You may have looked at him last week, too;
traditionally on the second Sunday in Advent we look at his role as a prophet. Today, however, we look at his role as the Forerunner, the one who came to prepare the way for Jesus.

Now, you know who he was, of course.
Just to recap on his life and times,
he was Jesus’ cousin, born to Zechariah and Elisabeth in their old age.
He was the unborn baby who “leapt in the womb” when Mary, carrying Jesus, came to visit Elisabeth.
We know absolutely nothing about his childhood, how well he knew Jesus, whether they played together as kids, or whether they only saw each other once a year when the holy family went up to Jerusalem.
What we do know is that, when he grew up, John disappeared off into the desert for awhile, to study and pray –
whether alone, or with a community such as the Essenes,
we also don’t know.
When he came back from the desert, he was a prophet,
just as Luke alleges that his father foretold:
“And you, child, will be called the prophet of the Most High;
for you will go before the Lord to prepare his ways,
to give knowledge of salvation to his people
by the forgiveness of their sins.“

For the people of Israel, that was rather exciting.
They hadn’t had a prophet for many centuries, not a proper one.
And John looked the part.
He dressed like a prophet, in camel-hide clothing.
He ate locusts and wild honey, just as they expected a prophet would do.
He gathered a small flock of disciples around him.
And he preached God's message:
"Repent and be baptized and get ready for the coming of the Kingdom!"
Well, you can imagine, the crowds absolutely flocked to hear him!
Better than the cinema, this was –
such an excitement.
But what they wanted was to see the prophet.
They didn’t really want to hear what he had to say.
Few of them were really willing to repent,
to turn right round and go God's way.
Not even the Pharisees and the teachers of the Law.
Not that they interfered with him, mind you –
could have been nasty, if they had.
But they didn't want to know!
Very frustrating.

But there were the other kind of people, too.
People who really did want to listen to John,
to hear what he had to say and to act on it.
People who came to him, asking to be baptized in the river Jordan.
And one day, his cousin Jesus comes to him and asks for baptism.

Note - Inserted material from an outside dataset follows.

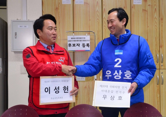 ¡ãÁö³­ 20´ë ±¹È¸ÀÇ¿ø ¼±°Å Èĺ¸ÀÚ µî·Ï ¶§ ¼­¿ï ¼­´ë¹®±¸ ¼±°Å°ü¸®À§¿øÈ¸¿¡¼­ ´ç½Ã »õ´©¸®´ç À̼ºÇå Èĺ¸¿Í ´õºÒ¾î¹ÎÁÖ´ç ¿ì»óÈ£ È帰¡ µî·ÏÀ» ¸¶Ä£ ÈÄ ¾Ç¼ö¸¦ ³ª´©°í ÀÖ´Ù./»çÁø=¸Ó´ÏÅõµ¥ÀÌ

And at that moment, John knows that this is the One he has been waiting for, the One for whom he has been preparing the way.
And yet he wants to be baptized - surely not!
Surely it should be he, Jesus, who baptizes John?
John's always known that when the Messiah came,
he wouldn't be fit even to undo his shoes and wash his feet,
slaves' work, that.
John mutters something to this effect,
but Jesus says, "No, let's do this thing by the book!"
And as he enters the water, the Holy Spirit comes down on him in the shape of a dove, and a voice speaks from heaven,
"Behold my beloved Son in whom I am well pleased!"
And John says, so we are told, “He must increase, and I must decrease”, and he spends his time pointing people to Jesus,
as well as preaching the message of repentance,
of turning round,
of going God’s way.

And then John preaches against scandal and sleaze in high places once too often,
and the powers-that-be have had enough,
so they put him in prison to try to shut him up.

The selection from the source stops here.